Segment Start: DATASET CONTENT

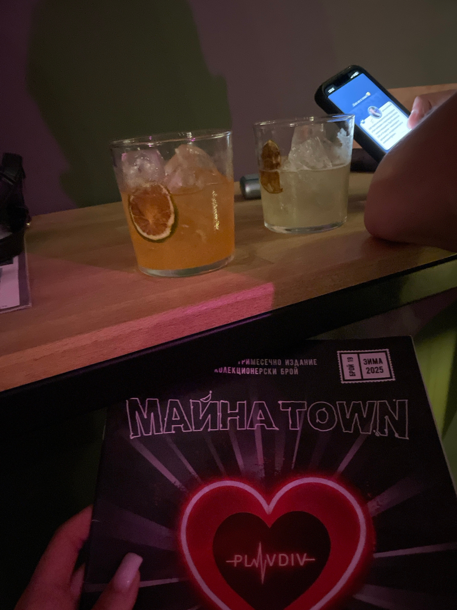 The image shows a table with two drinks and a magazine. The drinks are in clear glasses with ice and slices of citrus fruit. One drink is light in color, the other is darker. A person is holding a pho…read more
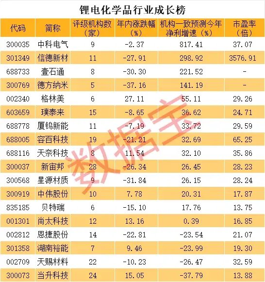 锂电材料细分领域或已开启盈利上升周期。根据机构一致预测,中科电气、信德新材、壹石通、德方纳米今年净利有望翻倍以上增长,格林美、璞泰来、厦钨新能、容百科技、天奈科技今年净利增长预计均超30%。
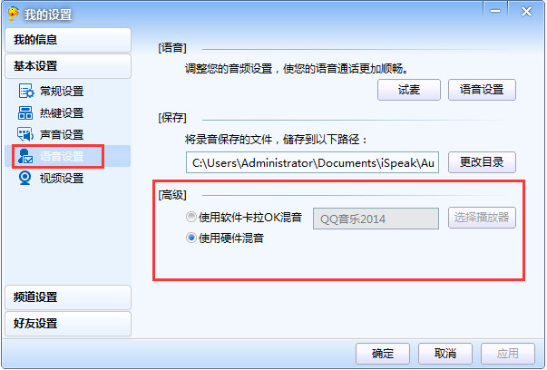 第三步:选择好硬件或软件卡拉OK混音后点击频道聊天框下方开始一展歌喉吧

Segment End: DATASET CONTENT

■ TASK GOAL
Apart from the images, print all the material above exactly as given.

■ ANSWER FOR THE TASK
 The image shows a table with two drinks and a magazine. The drinks are in clear glasses with ice and slices of citrus fruit. One drink is light in color, the other is darker. A person is holding a pho…read more
 锂电材料细分领域或已开启盈利上升周期。根据机构一致预测,中科电气、信德新材、壹石通、德方纳米今年净利有望翻倍以上增长,格林美、璞泰来、厦钨新能、容百科技、天奈科技今年净利增长预计均超30%。
 第三步:选择好硬件或软件卡拉OK混音后点击频道聊天框下方开始一展歌喉吧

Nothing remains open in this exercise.